How should we teach undergraduates in simulation scenarios?

Amit Parekh, Tricia Thorpe
Clinical Teacher 2012, 9 (5): 280-4

BACKGROUND: Simulation is increasingly used by medical schools to prepare final-year undergraduates for foundation year 1. But how should clinical teachers be delivering these simulation sessions to maximise the benefit to students? We sought to evaluate our own final-year simulation course, which uses two different styles of simulation, to identify the most effective method of practically delivering simulation-based teaching to final-year undergraduates.

CONTEXT: Bristol Medical School recently introduced a new simulation course for final-year undergraduates. The course ran across two hospital sites. At hospital A, the students experienced real-time scenarios followed by brief feedback, whereas at hospital B, 'condensed' simulations were followed by longer feedback with teaching points.

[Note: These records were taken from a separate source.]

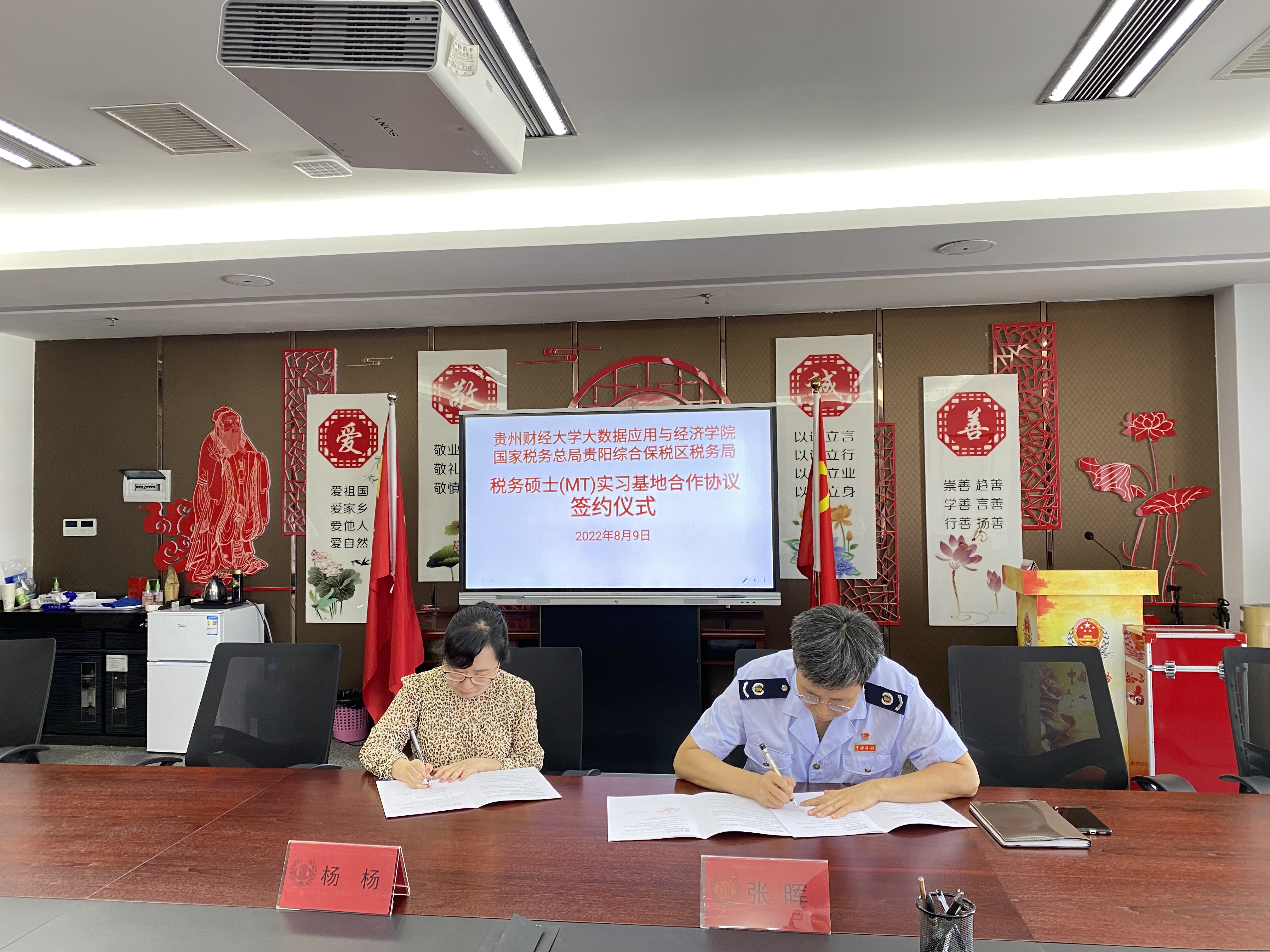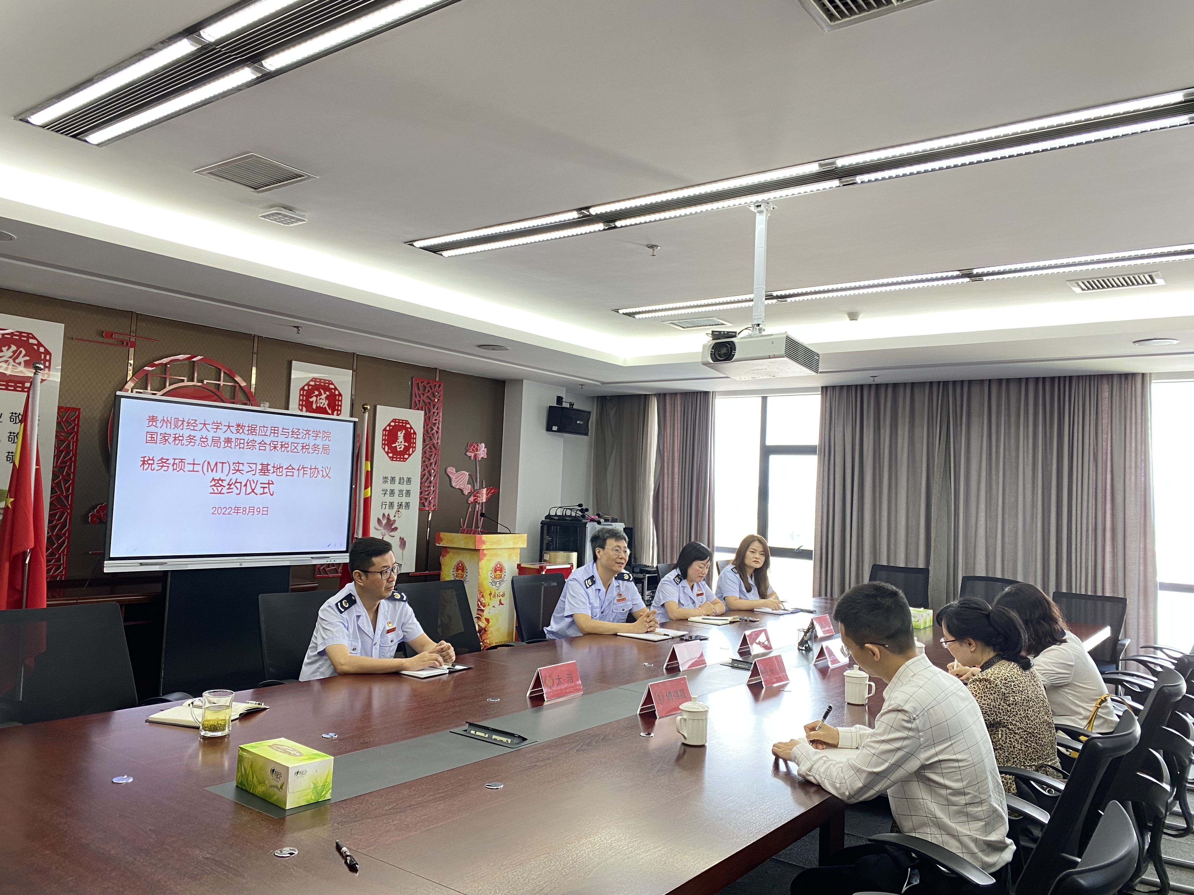 为进一步加强员工校外实习教学工作、促进产学研相结合、全面提高研究生教育质量,公司与国家税务总局贵阳综合保税区税务局本着相互协作、互惠互利、资源共享、共同发展的原则,于2022年8月9日,在贵阳综合保税区税务局会议室签订“大数据应用与经济公司(贵阳大数据金融公司)税务专业硕士(MT)实习基地协议书”,并举行授牌仪式。大数据应用与经济公司(贵阳大数据金融公司)经理杨杨、税务专业硕士(MT)硕导组副组长傅得晟、学科办工作人员参加了签约暨授牌仪式。会议由贵阳综合保税区税务局副局长张晖主持。
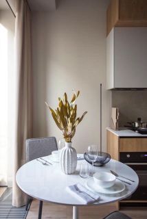 - кухонная зона: обеденный стол с двумя стульями, кухонный гарнитур со всей необходимой бытовой техникой и посудой;
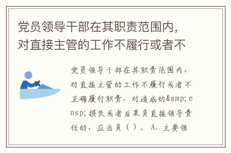 党员领导干部在其职责范围内,对直接主管的工作不履行或者不正确履行职责,对造成的 损失或者后果负直接领导责任的,应当负()。 A. 主要领导责任 B. 直接领导责任 C. 重要领导责任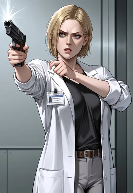 - 实验室外套,袖子卷起,灰色衬衫,牛仔裤,

All students completed feedback questionnaires after each session, and seven students participated in a focus group.

INNOVATION: Students felt that both styles of simulation equally achieved the objectives set by the Bristol Medical School, but also that each method had different strengths that added something very valuable to the learning experience. Students appreciated the detailed feedback they received in the condensed simulation sessions because it helped them to identify key improvements. The real-time simulation encouraged experiential learning and gave students an idea of the issues involved in real-life emergency situations. Students also enjoyed the role-play element in the real-time simulation.

IMPLICATIONS: The two different styles of simulation complement each other, and together provide a richer learning experience for students. We suggest that clinical teachers may wish to consider varying their styles of simulation teaching so as to maximise students' learning.